The majority gave greater weight to the necessity to count every ballot where “there is a clear indication of the intent of the voter.” The problem, of course, is that one person's clear indication is another's muddle.

In earlier manual recounts, each county set its own standards. In Broward County, almost all ballots with any mark next to a presidential candidate's name were counted as votes. In Palm Beach County, the standard was tighter, and it resulted in the exclusion of a larger number of “votes.”

Among many questions left unanswered about the count were these: Who will do the counting? If different standards are used in different counties, is that constitutionally sound, given the fact that all the voters in all the counties are voting for the same electors? If some counties fail to meet Tuesday's deadline, can partial counts be included in statewide totals?

More generally, there is a question whether any number of counts can ever produce an entirely authoritative result when the difference between the two candidates is so microscopically thin - it is probably smaller than the margin of error of the machines and the humans who do the counting.

But those questions pale beside others that would be raised by what has come to be known by politicians on both sides as “the doomsday scenario.”

The Republican leadership in the Florida Legislature has pledged to select electors on its own, under what appears to be a constitutional grant of plenary power to legislatures. The universal assumption here is that the Republicans will name Bush electors. But will they do so even if the recounts show Mr. Gore winning? Or might that seem too much of a grab for power to Florida voters, and if so, might not public pressure prompt the Legislature to stay its hand?
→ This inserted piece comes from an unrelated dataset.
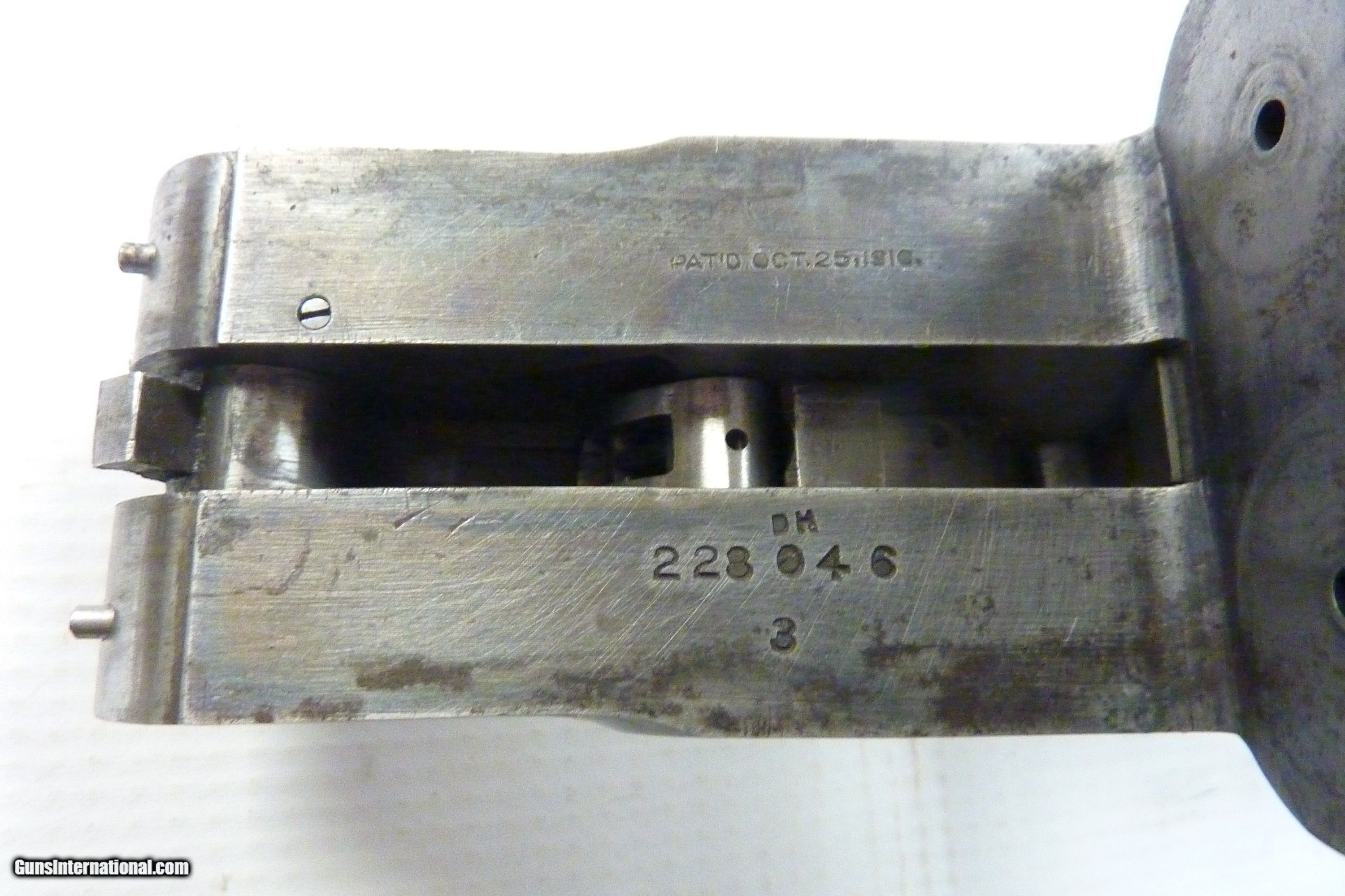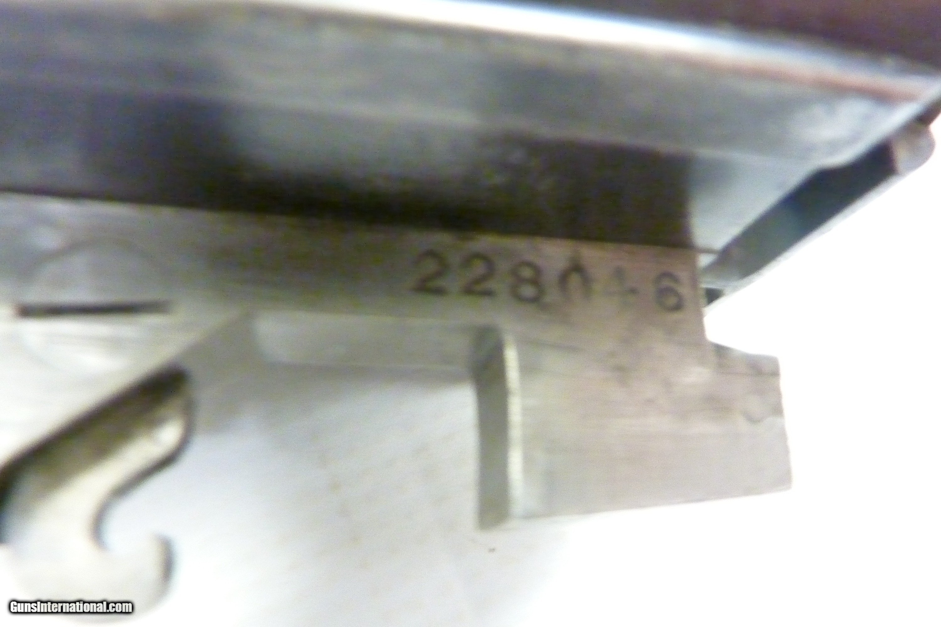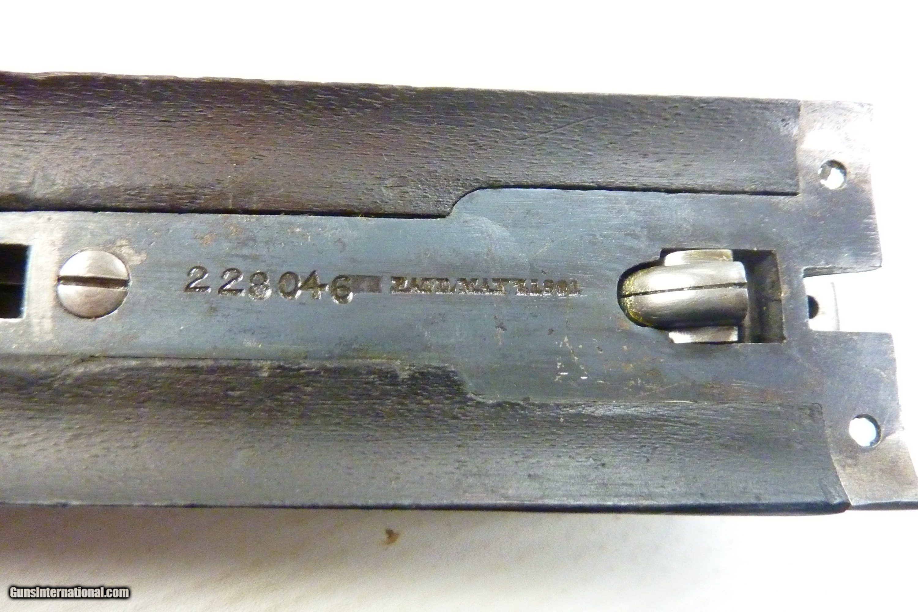 Description: Mfg approx 1928.Parker DHE 12 ga sxs shotgun. Single steel bead sight on a concave solid matte rib barrel marked PARKER BROS MAKERS MERIDEN CT USA TITANIC STEEL. 2.58 chambers, choked modified/full with auto ejectors. The barrel, water table, and lower tang have matching serial numbers 228046.. The water table has the 1910 patent date with a DH over the serial number over 3. The casehardened action features a scroll engraving with a dog and Parker Bros in a banner on each side, and 4 game birds on the underside Double trigger, and a tang-mounted automatic safety. The forearm is numbered to the frame and barrels, checkered splinter forearm, and checkered straight grip stock. skeleton steel buttplate The barrels have 50% of the original blued finish with areas of spotting and pitting as well as light handling marks. The receiver has aged to mostly a silver tone with muted case colors only visible on the water table. All engravings and markings are strong. The wood is fair, with pressure indentations, abrasions, small chips and scratches throughout. Mechanically very good. . Shipping is $95.00 with additional shipping costs to AK,HI,CA,PR. SOLD Curio/Relic: Yes Shotgun Gauge: 12 Gauge Manufacturer: PARKER BROS Model: DHE Serial Number: 228046 Barrel Length: 28 Bore: GOOD Chambers: 2.58 Ejectors: AUTO Condition: GOOD Metal Condition: GOOD Wood Condition: GOOD Bore Condition: GOOD Barrels: OK Barrel Type: PLAIN Action: SXS LOP: 14.25 Manufacture Date: 1928 Chokes: MOD/FULL |

If two rival slates of electors do arrive in Washington, Congress will be called upon to decide between them. Presumably the Republicans, who control the House of Representatives, would choose the Bush slate. The Democrats will control the Senate from Jan. 3 to Jan. 20, as long as Mr. Gore casts the deciding vote.

Would that case go to the United States Supreme Court? And if the two houses should deadlock, would the Supreme Court be called upon to break the impasse? Washington is alive with theories as to who and what law takes precedence.

Perhaps a real sense of crisis would produce something other than a party-line reaction. But the explosive reaction of Tom DeLay of Texas, the House Republican whip, to the latest Florida decision offered little hope of an atmosphere free of the toxins of hyperpartisanship.

The decision, said Mr. DeLay, perhaps the most polarizing figure in either house of Congress, distorted the court into “nothing more than a mechanism for delivering” a victory to Mr. Gore that he could not have won without the justices' aid.

In 1876 Congress punted the decision between rival slates of electors to a 15-member commission. The ultimate winner, Rutherford B. Hayes, who finally took office in March, 1877, was known forever after (at least to his enemies, who were numerous) as “Rutherfraud B. Hayes.” But even that outcome was not nearly as messy as that of the once-famous Georgia debacle of 1947.

In that case the Georgia Legislature elected Herman Talmadge to serve the term of his father, who died before he could be inaugurated. He seized the governor's mansion by force, over the protests of Ellis G. Arnall, the outgoing governor, and Lt. Gov.-elect Melvin E. Thompson, both of whom also claimed to be the rightful governor. The state Supreme Court removed Mr. Talmadge after 67 days, installing Mr. Thompson, but Mr. Talmadge won a 1948 special election.

No one imagines anything like that happening in Washington, but no one expects an early resolution, either, as so many did 24 hours earlier.

Yesterday was a great day for Mr. Gore. Had the Florida Supreme Court sustained the ruling of a lower court, which held that lawyers for Mr. Gore had not proved that the disputed ballots should be counted, his presidential hopes would have been snuffed out, or nearly so. But neither his staff nor his supporters on Capitol Hill deluded themselves he was home free.

“Two strikes, two outs, bottom of the ninth, and Gore gets a hit,” said Sen. Richard Durbin (D., Ill.). He did not claim that Mr. Gore had hit a grand slam, or even a solo home run.